1993 Philippine House of Representatives special elections

2 of 200 seats in the House of Representatives of the Philippines
|  | Majority party | Minority party |
| Party | Liberal | Lakas |
| Seats won | 1 | 1 |
| Popular vote | 67,688 | 67,155 |
| Percentage | 50.20 | 49.80 |

= 1993 Philippine House of Representatives special elections =

Two special elections (known as "by-elections" elsewhere) to the House of Representatives of the Philippines, the lower house of Congress, were held on August 30, 1993. These were vacancies in the 9th Congress; the winners were to serve the rest of the term, which had ended on June 30, 1995.

These were the first special elections since the preceding ones in 1967, the downfall of Ferdinand Marcos in 1986, and the approval of the 1987 constitution. The disputed seats were for Agusan del Norte's 2nd congressional district, and for Capiz's 1st congressional district. Both winners, Edelmiro Amante and Mar Roxas, ran unopposed.
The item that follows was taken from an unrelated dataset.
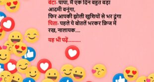 टीचर: बच्चों, बताओ “आई लव यू” हिंदी में कैसे कहेंगे? पप्पू: “मैं तुझसे सरकारी नौकरी की तरह मोहब्बत करता हूँ — मिलती नहीं लेकिन उम्मीद नहीं छोड़ता!” 😂 ********************************** पत्नी: सुनिए, मैं कैसी लग रही हूँ? पति: तुम्हें देखकर तो मोबाइल की याद आ गई! पत्नी: क्यों? पति: बस चार्ज खत्म होते ही बंद हो जाती हो! 😅 ********************************** डॉक्टर: …

This was also the last special elections where more than one seat was disputed on election day.

== Electoral system ==
Most seats in the House of Representatives were elected from single member districts, under the first-past-the-post voting system. Under the Omnibus Election Code, when a seat becomes vacant prior to eighteen months before the general election, the Commission on Elections shall call a special election.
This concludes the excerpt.